Sie lag in Jens' Armen und döste vor sich hin, als er etwas zu ihr sagte. Müde hob sie den Kopf. „Was?“
'Er ist wirklich nicht schön mit all seinen Pickeln. Ich habe jemand Besseres als ihn verdient', dachte sie, als er ihr ins Gesicht blickte.
„Ich sagte, dass ich dich liebe.“
Sie lächelte ihn an, aber innerlich blieb sie kalt. 'Das einzig Gute an ihm ist der Sex'. „Ich dich auch,“ erwiderte sie und drückte ihm schnell einen Kuss auf die Lippen.
'Halt einfach den Mund'.
Gerade, als sie ihren Kopf wieder auf seine Brust legen wollte, erhob er sich aus dem Bett und ging, so nackt wie er zur Welt gekommen war, zu seinem Schrank. Er öffnete die Schranktür, beugte sich runter und holte etwas raus.
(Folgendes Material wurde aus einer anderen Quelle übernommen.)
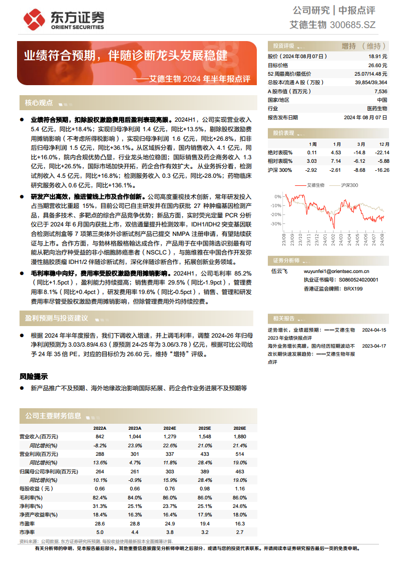 基于2024年半年度报告,分析师下调了收入增速预测,但上调了毛利率预测。调整后,2024-2026年归母净利润预测分别为3.03亿元、3.89亿元和4.63亿元(原预测2024-2025年为3.06亿元和3.78亿元)。根据可比公司估值,给予艾德生物2024年35倍PE,对应目标价为26.60元。维持“增持”评级。报告提示了新产品推广不及预期、海外地缘政治影响国际拓展以及药企合作业务进展不及预期等潜在风险。
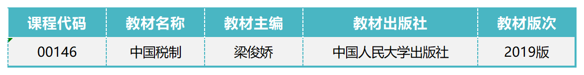 自考中國稅制(2019版)的考生在購買教材時,需要注意一下版本問題。一般都是按以下版本購買教材:
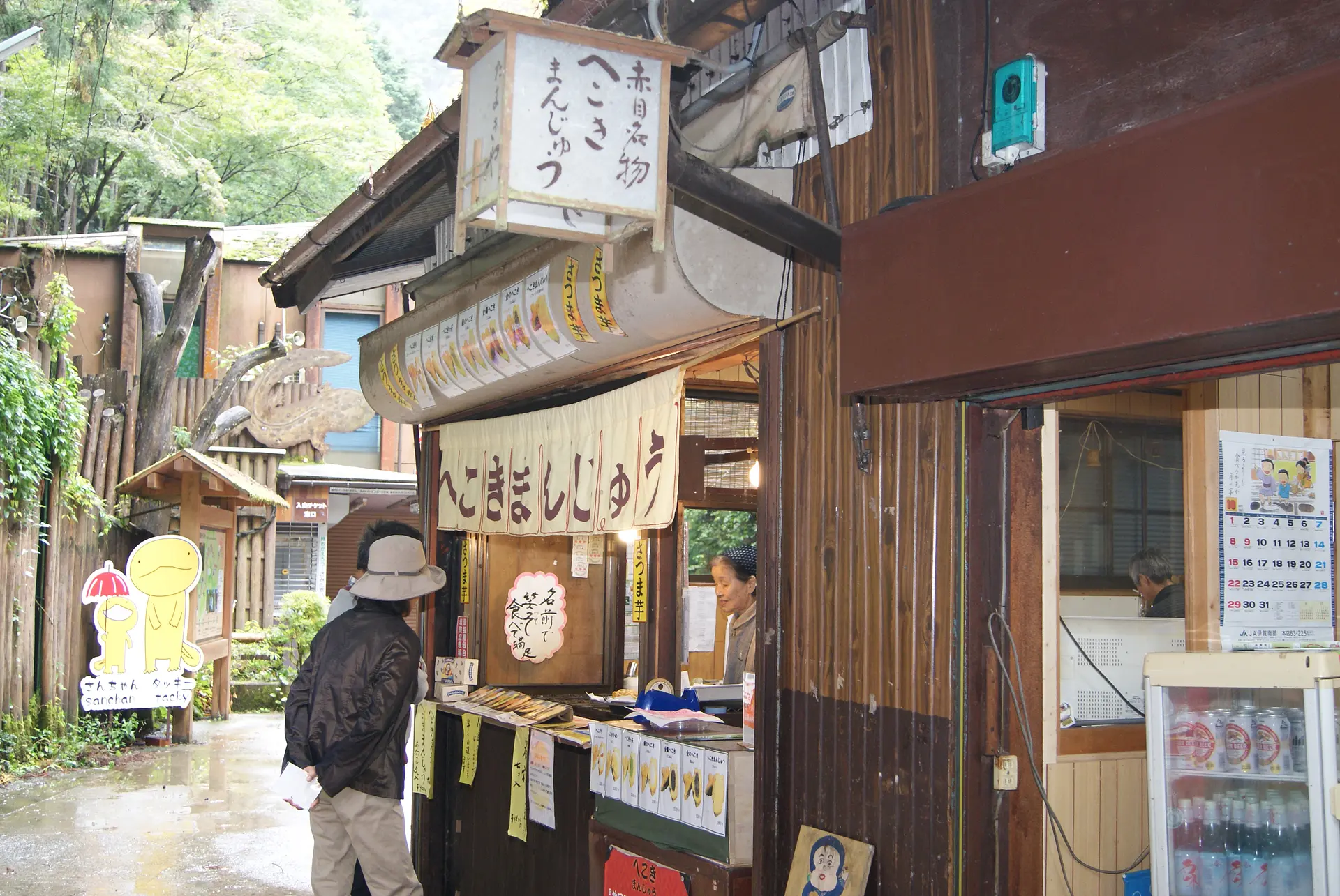 ご当地キャラの「さんちゃん」と「タッキー」が出迎えてくれています。
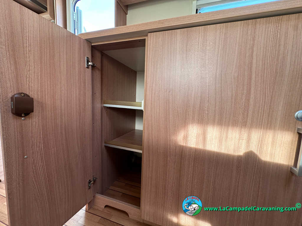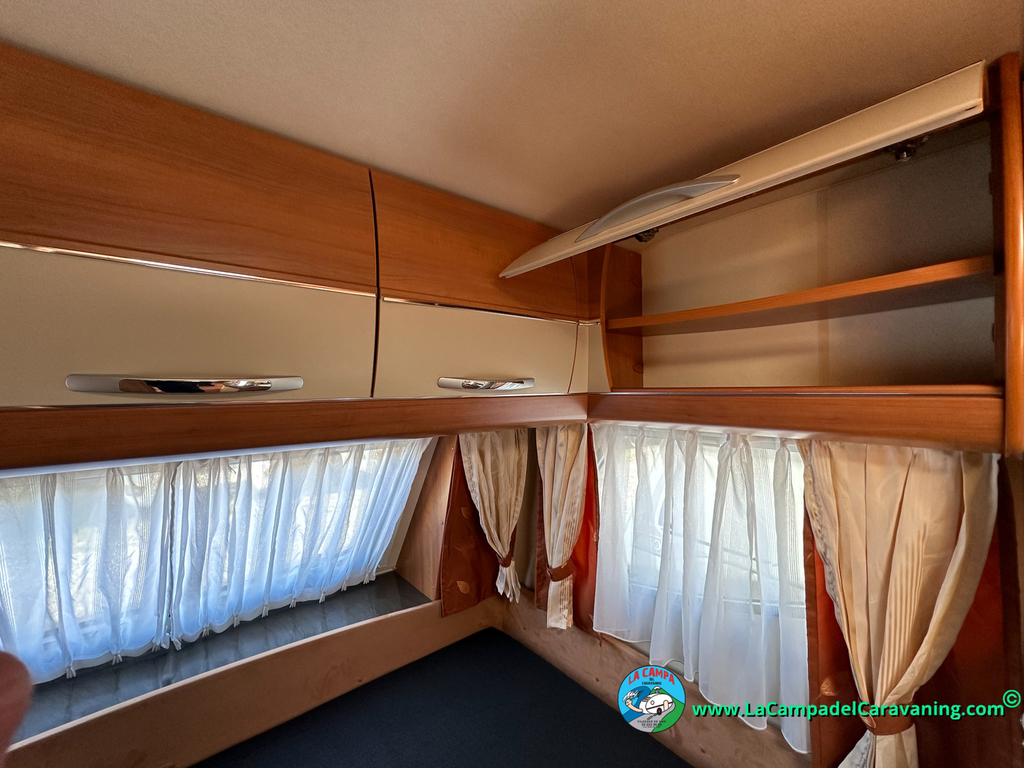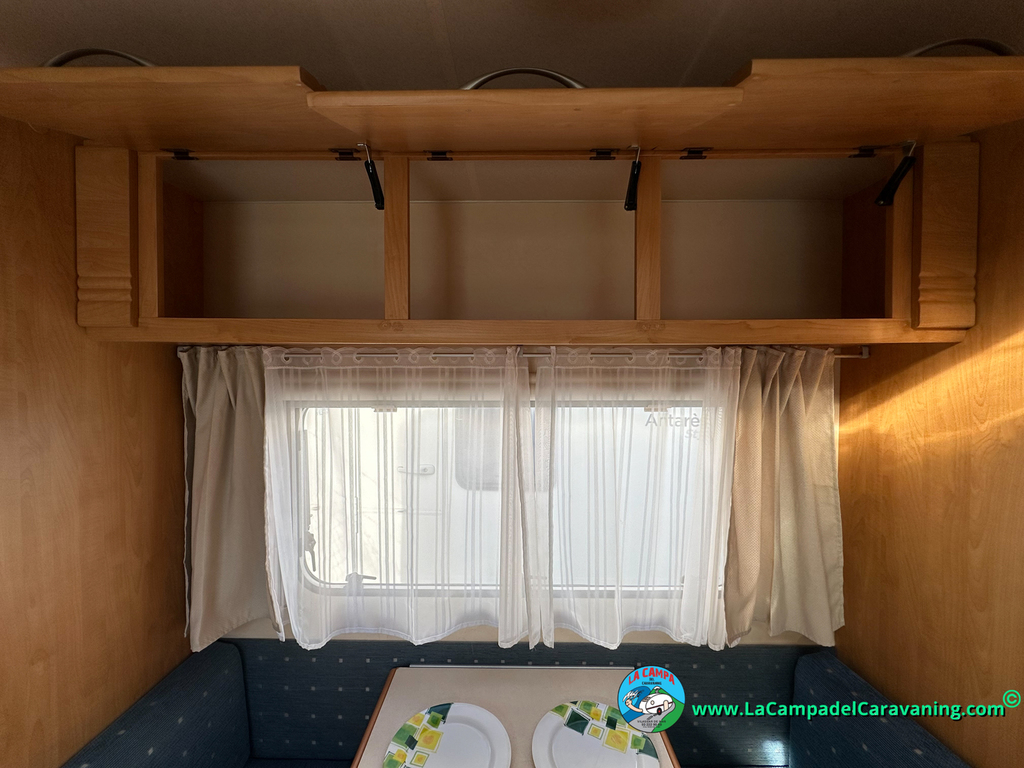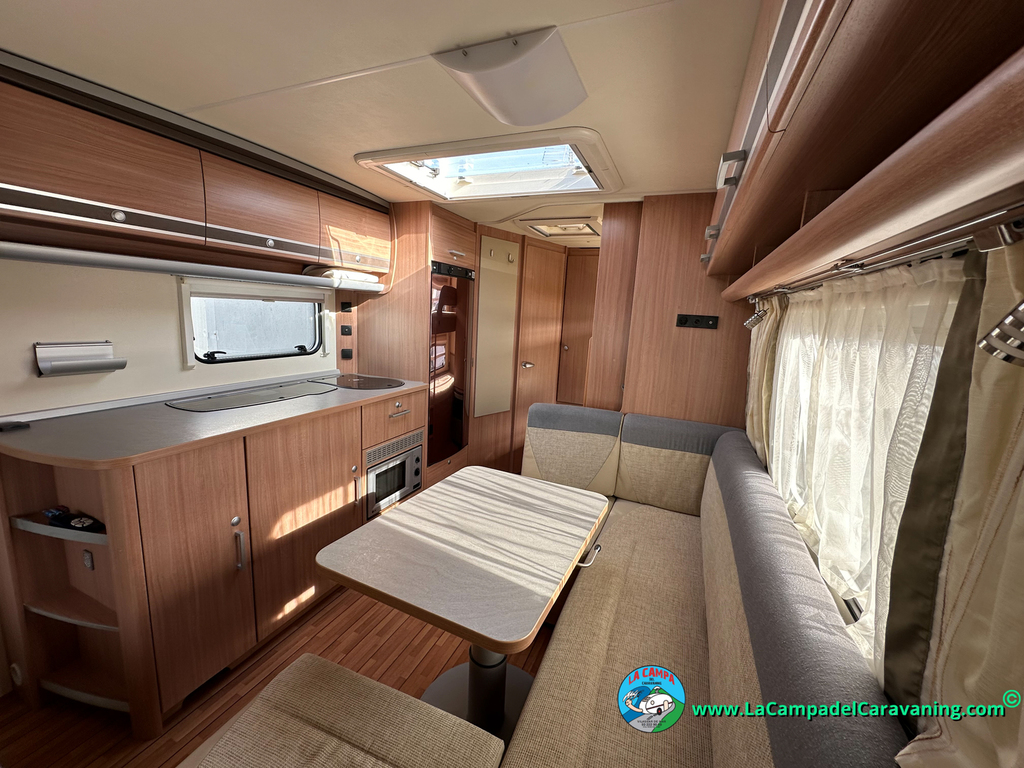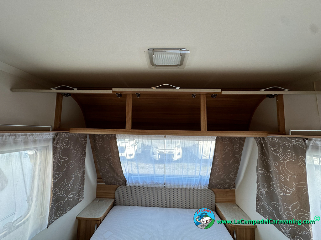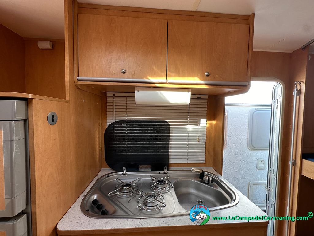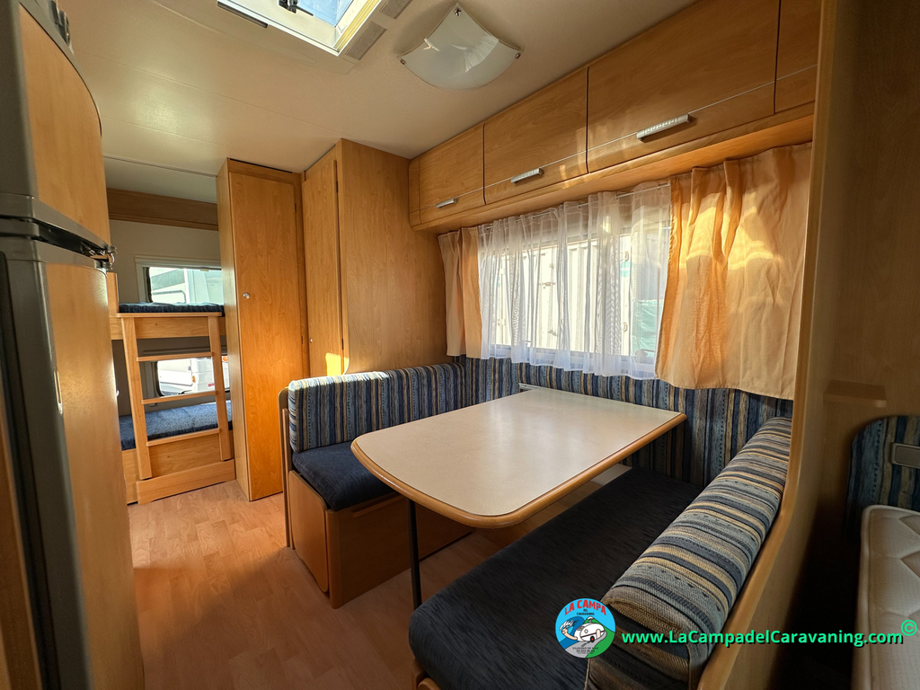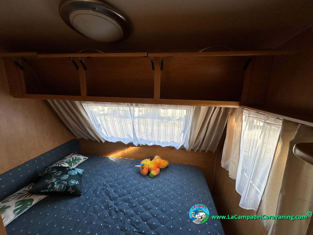 Nevera trivalente con congelador, WC químico, ducha semindependiente, antena TV, microondas, calefaccion con distribución por conductos, 2 claraboyas (1 panorámica), mosquitera en puerta de entrada, estabilizador Alko.
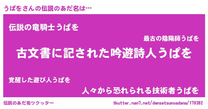 | 女子向けラノベタイトル風あだ名 | 『うぱをストレイドッグス』 |
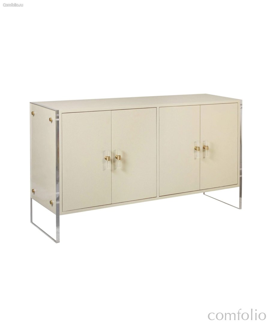 Бежевый комод "Берк" из шагреневой кожи с акриловыми ножками — это предмет интерьера, который сочетает в себе элегантность и современность. Обтянутый шагреневой кожей в мягком бежевом оттенке, он выглядит утончённо и стильно. Прозрачные акриловые боковые панели и ножки придают комоду визуальную лёгкость и современный вид, а фурнитура с золотистыми акцентами добавляет роскоши. Четыре дверцы с удобными ручками из акрила и латуни открываются к вместительным отделениям, идеально подходящим для хранения посуды, текстиля или личных вещей. Такой комод станет прекрасным акцентом в гостиной, спальне или холле, гармонично вписываясь в интерьер в стиле ар-деко, модерн или неоклассика.
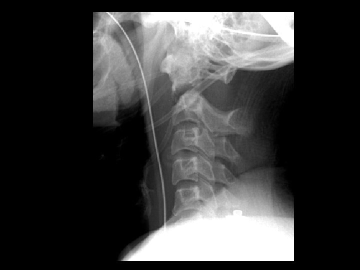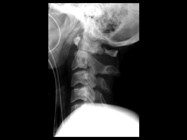 Atlanto-occipital dislocation • Findings: – anterior and superior displacement of occipital condyles in relation to C 1 – pre-vertebral soft tissue swelling – mechanism: hyperflexion or hyperextension – UNSTABLE

„Ich habe hier etwas für dich.“ Er wandte sich zu ihr um, wobei sie sah, dass er einen alten Teddy in der Hand hielt. Das Kuscheltier war stark abgenutzt, das eine Auge hing nur noch an einem Faden. Sein braunes Fell starrte vor Schmutz. Er war in etwa so groß wie die Lavalampe, die die einzige Lichtquelle in diesem Zimmer war. „Der ist noch aus meinen Kindertagen und er bedeutet mir viel, fast genauso viel wie du. Und weil ich will, dass meine zwei wichtigsten Dinge im Leben beisammen sind, möchte ich ihn dir schenken!“, erklärte er ihr. „Er wird immer wissen, ob du mich liebst oder nicht!“
Sie nahm den schäbigen, kleinen Bär entgegen und versuchte so viel Freude wie möglich vorzutäuschen. „Oh, das ist ja total süß von dir! Das freut mich total, danke mein Schatz!“
Er strahlte sie an und sie lächelte zurück. Während sie dachte, dass das echt kindisch sei, wurde sie von ihm hoch gezogen und in den Arm genommen.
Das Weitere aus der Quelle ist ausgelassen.